“What is Ion AmpliSeq™ Chemistry & how does it work?” Let’s find out what this new technology can do for you.
Next Generation Sequencing is now producing more sequence, faster than anyone had ever envisioned just 10 years ago making it now possible to sequence a genome in days rather than months or years.
However, for many applications this large amount of data becomes overkill, creating processing and informatics headaches, and adds additional cost with little to no benefit. Rather, for many of the more standard questions being asked in the lab, a focused approach, or targeted sequencing method, that zeroes in on specific genomic regions of interest, can result in significant savings in terms of time, effort, and money. And, perhaps most importantly, can speed up getting to that answer you’re looking for. So what is targeted sequencing and how does Ion AmpliSeq™ chemistry fit into the picture?

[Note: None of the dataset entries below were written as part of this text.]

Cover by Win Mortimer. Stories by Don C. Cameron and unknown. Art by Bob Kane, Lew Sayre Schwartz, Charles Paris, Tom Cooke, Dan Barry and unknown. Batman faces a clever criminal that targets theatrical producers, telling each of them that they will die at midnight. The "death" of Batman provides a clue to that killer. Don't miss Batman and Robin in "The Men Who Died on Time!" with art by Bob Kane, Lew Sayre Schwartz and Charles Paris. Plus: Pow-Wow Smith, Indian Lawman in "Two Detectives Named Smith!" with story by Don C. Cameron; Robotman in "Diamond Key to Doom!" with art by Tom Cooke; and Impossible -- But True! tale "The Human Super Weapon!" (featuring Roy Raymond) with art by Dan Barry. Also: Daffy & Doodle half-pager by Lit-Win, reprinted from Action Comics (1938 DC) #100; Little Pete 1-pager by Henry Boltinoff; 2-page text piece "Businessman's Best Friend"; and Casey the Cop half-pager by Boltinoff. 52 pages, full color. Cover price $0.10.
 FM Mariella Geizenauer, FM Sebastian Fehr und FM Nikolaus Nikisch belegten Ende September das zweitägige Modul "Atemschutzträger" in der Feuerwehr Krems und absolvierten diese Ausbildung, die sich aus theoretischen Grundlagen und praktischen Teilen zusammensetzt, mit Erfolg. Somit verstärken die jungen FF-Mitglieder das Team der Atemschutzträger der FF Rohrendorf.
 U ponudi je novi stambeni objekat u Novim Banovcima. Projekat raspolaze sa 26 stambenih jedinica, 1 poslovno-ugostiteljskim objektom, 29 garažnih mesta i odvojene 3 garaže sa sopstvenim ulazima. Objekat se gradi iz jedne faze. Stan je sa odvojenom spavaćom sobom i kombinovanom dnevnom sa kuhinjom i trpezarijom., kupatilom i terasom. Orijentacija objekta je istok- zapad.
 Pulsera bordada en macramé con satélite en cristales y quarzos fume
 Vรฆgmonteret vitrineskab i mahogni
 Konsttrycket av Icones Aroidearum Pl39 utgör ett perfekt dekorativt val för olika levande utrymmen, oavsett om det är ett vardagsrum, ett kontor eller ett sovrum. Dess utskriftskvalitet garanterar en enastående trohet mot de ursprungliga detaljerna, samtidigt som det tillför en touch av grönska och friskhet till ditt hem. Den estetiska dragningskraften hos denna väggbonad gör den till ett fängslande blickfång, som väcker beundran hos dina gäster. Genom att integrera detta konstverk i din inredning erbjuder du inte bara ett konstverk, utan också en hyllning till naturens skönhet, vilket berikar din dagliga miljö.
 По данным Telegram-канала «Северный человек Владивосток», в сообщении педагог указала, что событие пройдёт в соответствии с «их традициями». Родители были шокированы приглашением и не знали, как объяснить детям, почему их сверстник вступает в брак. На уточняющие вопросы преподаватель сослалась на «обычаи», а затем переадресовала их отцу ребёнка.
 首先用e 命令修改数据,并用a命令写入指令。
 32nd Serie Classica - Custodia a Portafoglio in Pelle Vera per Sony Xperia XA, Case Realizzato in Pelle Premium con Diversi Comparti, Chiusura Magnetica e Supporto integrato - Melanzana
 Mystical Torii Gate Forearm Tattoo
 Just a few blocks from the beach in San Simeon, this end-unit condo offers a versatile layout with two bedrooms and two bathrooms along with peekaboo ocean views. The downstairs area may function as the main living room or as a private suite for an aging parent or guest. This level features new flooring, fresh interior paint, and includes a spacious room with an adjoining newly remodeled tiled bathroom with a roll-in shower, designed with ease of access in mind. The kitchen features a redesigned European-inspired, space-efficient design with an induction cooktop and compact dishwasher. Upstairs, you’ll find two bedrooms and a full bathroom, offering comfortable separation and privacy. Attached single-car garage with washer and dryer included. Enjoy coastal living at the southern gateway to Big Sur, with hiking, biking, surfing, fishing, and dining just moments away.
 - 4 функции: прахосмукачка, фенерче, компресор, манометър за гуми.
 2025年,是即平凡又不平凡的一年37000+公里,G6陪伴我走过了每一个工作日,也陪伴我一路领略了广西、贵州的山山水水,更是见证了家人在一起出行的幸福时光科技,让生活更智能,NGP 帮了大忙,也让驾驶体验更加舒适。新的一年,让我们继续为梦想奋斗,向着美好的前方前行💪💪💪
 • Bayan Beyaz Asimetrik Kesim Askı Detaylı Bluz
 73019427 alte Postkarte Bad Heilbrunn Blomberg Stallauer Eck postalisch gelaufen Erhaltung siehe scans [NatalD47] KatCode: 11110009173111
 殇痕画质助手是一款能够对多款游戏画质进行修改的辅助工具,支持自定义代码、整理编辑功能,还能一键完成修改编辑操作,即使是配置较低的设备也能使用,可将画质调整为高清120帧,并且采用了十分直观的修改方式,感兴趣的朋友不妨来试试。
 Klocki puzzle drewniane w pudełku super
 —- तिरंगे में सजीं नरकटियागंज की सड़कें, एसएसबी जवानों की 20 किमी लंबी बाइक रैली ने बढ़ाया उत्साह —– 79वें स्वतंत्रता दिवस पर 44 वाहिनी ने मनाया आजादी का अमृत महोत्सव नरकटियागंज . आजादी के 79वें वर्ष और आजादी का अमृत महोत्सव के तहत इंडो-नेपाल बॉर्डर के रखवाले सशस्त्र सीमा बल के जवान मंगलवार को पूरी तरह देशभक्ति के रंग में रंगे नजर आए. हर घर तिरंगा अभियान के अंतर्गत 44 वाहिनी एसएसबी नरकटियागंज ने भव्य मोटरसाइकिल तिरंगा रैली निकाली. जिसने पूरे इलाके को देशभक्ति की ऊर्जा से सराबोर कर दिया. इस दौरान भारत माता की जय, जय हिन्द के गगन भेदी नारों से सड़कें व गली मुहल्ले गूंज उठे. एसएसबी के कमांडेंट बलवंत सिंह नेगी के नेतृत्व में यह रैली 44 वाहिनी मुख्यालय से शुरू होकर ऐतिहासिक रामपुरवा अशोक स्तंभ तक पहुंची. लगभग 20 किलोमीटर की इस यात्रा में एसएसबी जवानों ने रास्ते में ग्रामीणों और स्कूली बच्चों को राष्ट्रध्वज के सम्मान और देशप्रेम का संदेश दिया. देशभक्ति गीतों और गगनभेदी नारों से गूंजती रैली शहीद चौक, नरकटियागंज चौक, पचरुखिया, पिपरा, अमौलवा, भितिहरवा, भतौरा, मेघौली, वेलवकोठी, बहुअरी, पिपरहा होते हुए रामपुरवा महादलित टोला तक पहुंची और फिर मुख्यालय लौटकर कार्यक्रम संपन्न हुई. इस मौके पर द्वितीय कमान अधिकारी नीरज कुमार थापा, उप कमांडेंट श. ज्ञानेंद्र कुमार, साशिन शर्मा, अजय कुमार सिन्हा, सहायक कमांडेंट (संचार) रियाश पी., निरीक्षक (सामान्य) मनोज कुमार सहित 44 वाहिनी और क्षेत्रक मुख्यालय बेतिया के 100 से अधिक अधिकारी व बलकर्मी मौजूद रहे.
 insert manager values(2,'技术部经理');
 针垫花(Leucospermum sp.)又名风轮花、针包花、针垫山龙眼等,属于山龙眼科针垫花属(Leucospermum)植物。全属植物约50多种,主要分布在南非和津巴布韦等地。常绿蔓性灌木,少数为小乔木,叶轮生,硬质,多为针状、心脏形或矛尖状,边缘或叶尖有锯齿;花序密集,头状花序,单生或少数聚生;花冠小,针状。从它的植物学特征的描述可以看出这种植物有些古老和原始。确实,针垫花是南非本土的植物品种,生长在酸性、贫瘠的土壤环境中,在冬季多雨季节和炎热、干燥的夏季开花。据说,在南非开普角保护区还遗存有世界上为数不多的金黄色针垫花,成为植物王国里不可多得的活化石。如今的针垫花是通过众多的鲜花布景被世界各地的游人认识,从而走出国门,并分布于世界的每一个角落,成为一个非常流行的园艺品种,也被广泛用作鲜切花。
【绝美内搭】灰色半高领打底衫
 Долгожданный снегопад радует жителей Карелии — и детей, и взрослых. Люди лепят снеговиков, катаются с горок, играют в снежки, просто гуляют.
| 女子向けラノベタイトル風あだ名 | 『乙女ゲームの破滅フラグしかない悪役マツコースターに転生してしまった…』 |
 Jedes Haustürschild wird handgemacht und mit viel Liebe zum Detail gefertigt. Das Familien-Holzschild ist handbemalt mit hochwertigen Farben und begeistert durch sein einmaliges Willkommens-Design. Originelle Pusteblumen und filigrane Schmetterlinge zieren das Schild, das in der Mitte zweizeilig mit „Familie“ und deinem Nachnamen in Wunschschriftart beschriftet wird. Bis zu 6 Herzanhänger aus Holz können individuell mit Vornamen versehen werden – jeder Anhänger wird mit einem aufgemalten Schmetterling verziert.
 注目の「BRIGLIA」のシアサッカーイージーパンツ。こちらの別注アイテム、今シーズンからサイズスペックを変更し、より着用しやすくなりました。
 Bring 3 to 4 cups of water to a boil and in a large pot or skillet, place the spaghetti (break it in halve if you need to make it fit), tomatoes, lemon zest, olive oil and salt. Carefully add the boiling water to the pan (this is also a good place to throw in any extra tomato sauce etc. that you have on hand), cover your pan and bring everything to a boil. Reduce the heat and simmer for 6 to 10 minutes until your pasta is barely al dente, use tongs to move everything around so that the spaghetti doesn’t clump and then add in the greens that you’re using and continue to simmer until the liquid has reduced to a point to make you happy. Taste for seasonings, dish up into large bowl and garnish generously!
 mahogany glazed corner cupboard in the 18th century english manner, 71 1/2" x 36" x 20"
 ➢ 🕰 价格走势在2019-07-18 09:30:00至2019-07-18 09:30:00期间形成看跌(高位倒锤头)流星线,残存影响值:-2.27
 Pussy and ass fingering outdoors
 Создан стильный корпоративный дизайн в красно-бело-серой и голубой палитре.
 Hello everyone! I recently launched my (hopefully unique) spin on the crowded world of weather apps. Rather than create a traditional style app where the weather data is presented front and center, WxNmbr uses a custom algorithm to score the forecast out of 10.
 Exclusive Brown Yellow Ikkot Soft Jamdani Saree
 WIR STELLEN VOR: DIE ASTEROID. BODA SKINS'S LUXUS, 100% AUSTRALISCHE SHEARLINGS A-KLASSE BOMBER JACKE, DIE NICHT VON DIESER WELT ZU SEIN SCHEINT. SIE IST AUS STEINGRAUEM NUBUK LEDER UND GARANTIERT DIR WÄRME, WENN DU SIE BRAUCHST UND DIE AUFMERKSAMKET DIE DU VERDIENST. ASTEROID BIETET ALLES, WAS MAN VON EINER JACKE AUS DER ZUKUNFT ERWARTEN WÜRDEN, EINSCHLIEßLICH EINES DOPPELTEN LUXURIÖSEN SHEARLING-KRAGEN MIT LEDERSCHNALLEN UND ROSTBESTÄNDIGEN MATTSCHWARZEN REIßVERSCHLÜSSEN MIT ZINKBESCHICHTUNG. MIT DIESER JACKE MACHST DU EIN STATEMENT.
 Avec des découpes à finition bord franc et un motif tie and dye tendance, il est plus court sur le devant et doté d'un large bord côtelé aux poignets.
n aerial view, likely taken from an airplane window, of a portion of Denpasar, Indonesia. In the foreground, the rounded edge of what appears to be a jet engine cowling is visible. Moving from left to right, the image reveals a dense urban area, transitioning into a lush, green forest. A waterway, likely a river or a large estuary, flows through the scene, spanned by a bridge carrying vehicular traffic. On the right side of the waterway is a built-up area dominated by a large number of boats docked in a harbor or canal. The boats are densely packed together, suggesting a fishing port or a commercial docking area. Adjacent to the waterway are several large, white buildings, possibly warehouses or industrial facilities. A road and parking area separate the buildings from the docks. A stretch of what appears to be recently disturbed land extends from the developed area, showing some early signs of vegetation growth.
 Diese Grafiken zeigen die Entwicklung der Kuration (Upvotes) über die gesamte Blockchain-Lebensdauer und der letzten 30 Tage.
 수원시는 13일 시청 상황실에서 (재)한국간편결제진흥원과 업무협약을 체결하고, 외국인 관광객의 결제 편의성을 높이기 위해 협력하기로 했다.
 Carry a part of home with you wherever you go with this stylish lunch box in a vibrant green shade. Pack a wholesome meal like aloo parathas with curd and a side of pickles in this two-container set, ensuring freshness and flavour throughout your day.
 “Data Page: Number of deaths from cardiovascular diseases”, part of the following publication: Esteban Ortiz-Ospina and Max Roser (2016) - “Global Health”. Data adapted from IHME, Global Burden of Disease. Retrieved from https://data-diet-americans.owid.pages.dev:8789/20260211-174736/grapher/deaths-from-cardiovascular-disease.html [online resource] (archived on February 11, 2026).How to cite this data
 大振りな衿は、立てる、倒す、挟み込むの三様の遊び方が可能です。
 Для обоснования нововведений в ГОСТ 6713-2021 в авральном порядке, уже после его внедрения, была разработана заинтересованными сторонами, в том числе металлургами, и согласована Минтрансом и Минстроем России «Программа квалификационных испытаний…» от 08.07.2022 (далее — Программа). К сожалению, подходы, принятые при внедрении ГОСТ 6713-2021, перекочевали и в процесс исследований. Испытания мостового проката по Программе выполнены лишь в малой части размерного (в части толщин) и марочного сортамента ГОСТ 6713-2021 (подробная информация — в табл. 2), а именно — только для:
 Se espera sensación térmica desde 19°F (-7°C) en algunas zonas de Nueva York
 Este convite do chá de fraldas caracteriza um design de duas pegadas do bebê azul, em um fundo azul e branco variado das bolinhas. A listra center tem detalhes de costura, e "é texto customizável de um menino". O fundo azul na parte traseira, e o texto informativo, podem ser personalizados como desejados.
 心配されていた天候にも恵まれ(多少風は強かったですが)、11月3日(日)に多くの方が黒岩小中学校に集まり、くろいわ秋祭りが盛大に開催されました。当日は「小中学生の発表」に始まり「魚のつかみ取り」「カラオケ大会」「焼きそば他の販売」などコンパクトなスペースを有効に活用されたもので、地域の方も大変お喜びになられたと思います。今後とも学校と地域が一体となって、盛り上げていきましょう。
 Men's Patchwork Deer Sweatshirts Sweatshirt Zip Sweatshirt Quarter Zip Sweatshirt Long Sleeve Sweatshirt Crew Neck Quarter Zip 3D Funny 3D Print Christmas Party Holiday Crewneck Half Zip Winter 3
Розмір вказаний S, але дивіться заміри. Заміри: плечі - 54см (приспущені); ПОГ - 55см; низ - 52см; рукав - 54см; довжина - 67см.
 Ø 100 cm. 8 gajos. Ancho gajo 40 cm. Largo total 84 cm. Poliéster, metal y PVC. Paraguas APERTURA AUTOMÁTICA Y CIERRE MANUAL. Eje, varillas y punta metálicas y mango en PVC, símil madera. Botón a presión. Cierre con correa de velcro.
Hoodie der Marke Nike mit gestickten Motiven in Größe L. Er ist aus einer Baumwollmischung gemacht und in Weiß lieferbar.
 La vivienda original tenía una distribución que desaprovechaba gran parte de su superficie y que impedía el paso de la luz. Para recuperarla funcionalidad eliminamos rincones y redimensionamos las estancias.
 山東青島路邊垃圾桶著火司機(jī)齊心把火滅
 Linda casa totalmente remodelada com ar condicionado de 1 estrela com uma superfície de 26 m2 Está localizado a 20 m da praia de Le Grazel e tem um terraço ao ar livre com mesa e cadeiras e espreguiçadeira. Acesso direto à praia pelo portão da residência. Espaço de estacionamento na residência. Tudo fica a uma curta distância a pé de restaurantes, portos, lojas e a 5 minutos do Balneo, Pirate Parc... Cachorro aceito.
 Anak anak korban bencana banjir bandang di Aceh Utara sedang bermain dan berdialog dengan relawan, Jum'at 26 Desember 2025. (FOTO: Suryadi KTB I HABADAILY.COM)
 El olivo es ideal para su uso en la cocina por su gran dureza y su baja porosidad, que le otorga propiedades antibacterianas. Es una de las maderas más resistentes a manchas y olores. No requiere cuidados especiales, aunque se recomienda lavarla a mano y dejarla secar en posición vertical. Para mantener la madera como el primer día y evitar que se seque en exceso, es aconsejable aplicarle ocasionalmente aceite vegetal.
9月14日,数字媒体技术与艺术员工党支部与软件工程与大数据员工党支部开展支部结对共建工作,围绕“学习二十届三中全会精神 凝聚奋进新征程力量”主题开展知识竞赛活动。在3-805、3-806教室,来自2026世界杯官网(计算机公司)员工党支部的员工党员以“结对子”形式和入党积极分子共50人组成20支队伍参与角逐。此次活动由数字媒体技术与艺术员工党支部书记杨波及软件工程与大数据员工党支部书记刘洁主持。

Simply put, using current genomic knowledge, a targeted sequencing approach introduces a sequence enrichment step focusing in on genes or even genetic variants of interest – A good example might be the targeting of oncogenes and tumor suppressors in a cancer research study.
Early approaches, using hybridization based techniques, enabled specific regions to be pulled out of the genome. However, these methods were limited in their specificity resulting in representation of regions of no interest. Additionally, relatively large amounts of starting genomic DNA were required for these traditional hyb methods. Leveraging over ten years in PCR assay design and preamplification methods developed by our Applied Biosystems colleagues, Ion AmpliSeq™ targeted enrichment offers a vast improvement over these early approaches delivering a unique, highly multiplexed PCR based workflow with clear specificity and uniformity benefits. Additionally, extremely low DNA input amounts can be amplified through the PCR process, as low as 10 ng.
So what is the Ion AmpliSeq™ approach, how does it work, and what makes it so remarkable?
Let’s take a look at our lab book
At its most basic level, an Ion AmpliSeq™ panel consists of a pool of oligonucleotide primer pairs, each pair designed to amplify a specified genomic region. Unique to this approach is the ability to multiplex up to 24,000 primer pairs in a single PCR reaction!
Following simple PCR amplification of the selected genomic regions, remaining primers are digested and a library containing the remaining amplicons is prepared for sequencing.
It is worth mentioning two key implications to how the design of an Ion AmpliSeq™ Panel is approached.
First, a panel can be designed to interrogate all bases across a gene or can be focused on specific mutation hotspots.
Since a gene design relies on the tiling of overlapping amplicons across the sequence of interest, the consequence is that overlapping primer pairs must be separated into independent PCR reactions. As a result, this approach will require two separate PCR multiplexed reactions per sample to achieve full coverage.
In contrast, a mutation hotspot design typically results in non-overlapping amplicons whose primers can be accommodated in a single multiplexed reaction.
Lastly, consideration of the sample source is important to final design performance. Shorter amplicons with a maximum length of 175bp work best with degraded sample sources such as FFPE but come with a trade-off of coverage within the design.
Now you may be thinking “this all very interesting but I still don’t know how to create a design”? Never fear, Ion Torrent offers a variety of predesigned panels designed with input from the experts in the field, and if none of these panels meet your needs, custom design is made super easy using our online AmpliSeq Designer tool. Now that you know a little bit about what Ion AmpliSeq™ targeted sequencing has to offer and how it works, feel free to play with our design tool – after all it is completely free to try.
I hope this video was helpful on explaining the Ion AmpliSeq™ Chemistry, and I am sure you’ll have more questions.